Siedzą Polak, Amerykanin i Japończyk w saunie. 120 stopni. Gorąco jak cholera. Nagle japończyk unosi dłoń, przystawia kciuk do ucha, mały palec do ust i mówi jak do telefonu:
- Sprzedać! Sprzedać wszystko !
Po chwili Amerykanin robi to samo. Polak się pyta:
- Eee, panowie, co wy robicie ?
Japończyk odpowiada:
- Słuchaj stary: Ja mam firmę, handluje, prowadzę interesy, no i właśnie sprzedałem pakiet akcji.
Polak:
- Ale jak?
Japończyk:
- Słuchaj - w kciuku mam słuchawkę, w palcu mikrofon i korzystam z tego jak z telefonu!
Amerykanin przytakuje. Polak:
- Aha....
Temperatura 130 stopni. Gorąco jak w piecu, panowie się pocą.. marazm.. Nagle Japończyk ni stąd ni zowąd krzyczy:
- Kupić! Kupić wszystko !
Amerykanin i Polak patrzą się na niego jak na idiotę i pytają co jest. Ten odpowiada:
- Panowie... mówiłem już ze mam firmę, no i właśnie kupiłem pakiet akcji.
- Ale jak ?!?
Japończyk:
- W uchu mam słuchawkę, w gardle mikrofon..
- Aaaaaacha..
Temperatura 140 stopni.. gorąco... panowie nie wytrzymują, już chcą wychodzić, wtem nagle Polak wstaje, kuca i nadyma się jak do sraki i krzyczy:
- Uwaga panowie!!! Fax idzie !!!!

Po czym poznać Rosjanina w Ameryce?
- Przychodzi na walki kogutów z kaczką...
- A po czym poznać, że są tam Włosi?
- Stawiają na kaczkę...
- A po czym poznać, ze jest tam mafia?
- Kaczka wygrywa...

W księgarni zomowiec prosi o cos lekkiego do czytania.
- No... (zastawia się sprzedawca) - Mamy "W pustyni i w puszczy"...
- Dobra. Wezmę "W puszczy".

- Policjant w nagrodę otrzymał wazon na kwiaty. Przynosi go do domu i stawia na stole do góry nogami i mówi do żony:
- Patrz, jaki bubel mi dali.
- Masz racje, oddaj im - mówi żona.
Następnego dnia policjant idzie do komendanta, stawia wazon otworem do blatu i mówi:
- Co to za nagroda? To bubel!
Komendant wziął wazon do ręki, obejrzał i mówi:
- Macie racje! Nie dość, ze nie zrobili otworu do włożenia kwiatów, to jeszcze dno wycieli...
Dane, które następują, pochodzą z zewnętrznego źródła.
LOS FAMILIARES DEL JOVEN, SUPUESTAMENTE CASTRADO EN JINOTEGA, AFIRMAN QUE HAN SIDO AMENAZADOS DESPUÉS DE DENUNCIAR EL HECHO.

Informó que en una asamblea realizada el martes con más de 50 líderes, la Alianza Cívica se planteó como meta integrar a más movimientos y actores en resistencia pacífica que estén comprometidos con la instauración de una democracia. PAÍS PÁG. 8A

Młody lekarz przechwala się przed kolega inżynierem:
- Lekarz to wspaniały zawód! Mogę sobie rozebrać młodą dziewczynę, oglądać ja, obmacywać, i jeszcze za to wystawiam rachunek jej mężowi...

Do lekarza psychiatry przychodzi facetka i mówi:
- Panie doktorze, z moim mężem dzieje się coś dziwnego. Jak wypije kawę, wpada w szal i zjada cala filiżankę. Zostawia tylko uszko.
- A to faktycznie dziwne. Uszko jest najlepsze.
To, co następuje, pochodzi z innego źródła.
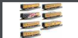
K106086 7ER SET PERSONENWAGEN UP / EXCURSION TRAIN, EP.V-VI
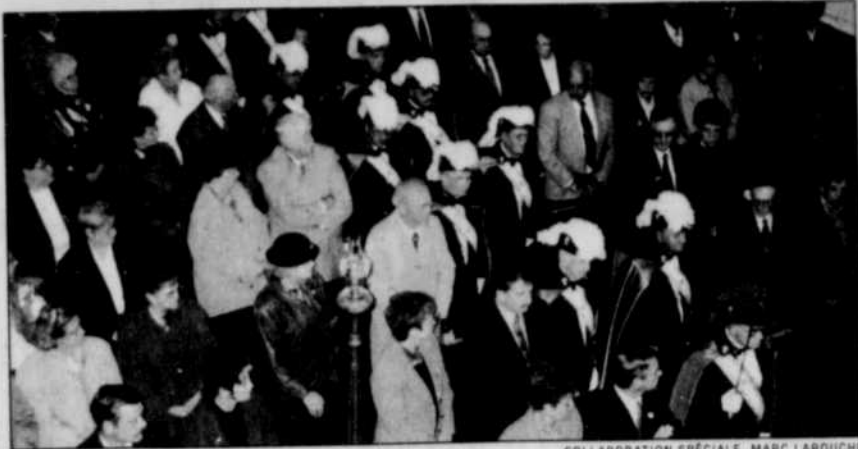
COLLABORATION SPÉCIALE MARC LAROCHE

Ces plaintes concernaient surtout les soins et services dispensés, l'accessibilité et la continuité des services et les relations interpersonnelles. 60 % des plaintes examinées visaient les centres hospitaliers.
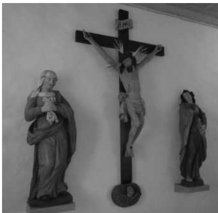
DIE BEMERKENSWERTE KREUZIGUNGSGRUPPE STAMMT VON 1720. URSPRÜNGLICH WAR SIE AM CHORBOGEN DER PFARRKIRCHE MONTIERT.

Die polychrom gefasste hölzerne Kreuzigungsgruppe wurde 1720 geschnitzt. Die Kreuzkonsole ist als Wolke mit geflügeltem Puttenkopf ausgebildet. Maria hält ein zerknülltes Tuch mit vier Quasten in ihren zum Gebet gefalteten Händen. Die Figurengruppe war ursprünglich am Chorbogen der Pfarrkirche montiert gewesen. 1827/28 wurde sie von Marzell Müller jun. neu gefasst und anschliessend in einer offenen Rundbogennische aufgestellt, die der Nordwestecke des Beinhauses vorgelagert war. Seit der jüngsten Gesamtrestaurierung ist sie an der inneren Westwand befestigt.

Dlaczego blondynka jak idzie spać stawia na nocnym stoliku jedną szklankę z wodą i jedną szklankę pustą?
- Tak na wszelki wypadek. Bo jak się obudzi w nocy, to może jej się chcieć pić, albo i nie

Ksiądz odprawia drogę krzyżową. Przy piątej stacji podbiega do księdza gosposia i szepce:
- Proszę księdza, przyjechali z wydziału finansowego! To bardzo pilna sprawa! Niech ksiądz przeprosi wszystkich i przerwie drogę krzyżową!
Ksiądz szepce do kościelnego:
- Poprowadź za mnie dalej drogę krzyżową. I tak wszystko przeciągaj, żebym zdążył wrócić na zakończenie!
Księdzu spotkanie z urzędnikami zajęło więcej czasu niż przypuszczał. Po jakimś czasie wbiega do kościoła w nadziei, że zdąży na ostatnią, czternastą stację drogi krzyżowej.
Nastawia uszu i słyszy głos kościelnego:
- Staaacjaaa dwuuudziieestaaa piąątaa! Szymon Cyrenejczyk poślubia świętą Weronikę!

U Ruskich:
Przychodzi Wania do baru i zamawia piwo. Kelnerka przynosi i stawia na podstawce. Za jakiś czas Wania zamawia jeszcze jedno. Ponieważ podstawka zniknęła to kelnerka przyniosła nową. Przy trzecim piwie kelnerka się wkurzyła i nie przyniosła podstawki. Wania zdziwiony:
- A waflia niet???

Zeflik i Karlik siedzą w szynku i pija piwo. Po trzecim kuflu Zeflikowi skończyły się pieniądze.
- Siedź, siedź - mówi mu Karlik - ja stawiam.
- Karlik, a skąd ty masz tyle forsy? - pyta Zeflik - Zarabiasz tyle co i ja, babie oddajesz tyle co i ja, a ciągle masz.
- A bo widzisz: co poniedziałek idę sobie pod ten dziurawy płot za szynkiem. Staje za płotem i jak górnicy przychodzą lać, to wysuwam przez dziurę rękę, łapie jednego za ciulika, przez druga szparę wystawiam nóż i wołam Stówa albo ciulik! . I tak sobie dorabiam.
- Gadasz, że w poniedziałki?
- No...
- To ja będę we wtorki!
Spotykają się za jakiś czas.
- Dzisiaj ja stawiam! - powiada Zeflik.
- O, zrobiłeś, jak ci gadałem?
- Tak.
- No i ile zarobiłeś za jeden dzień?
- Osiem stów i trzy ciuliki.

W Polsce ukazał się zbiór dowcipów rysunkowych na temat Wodza. Jeden z nich przedstawia Matkę Boska ze znaczkiem z Wałęsa w klapie.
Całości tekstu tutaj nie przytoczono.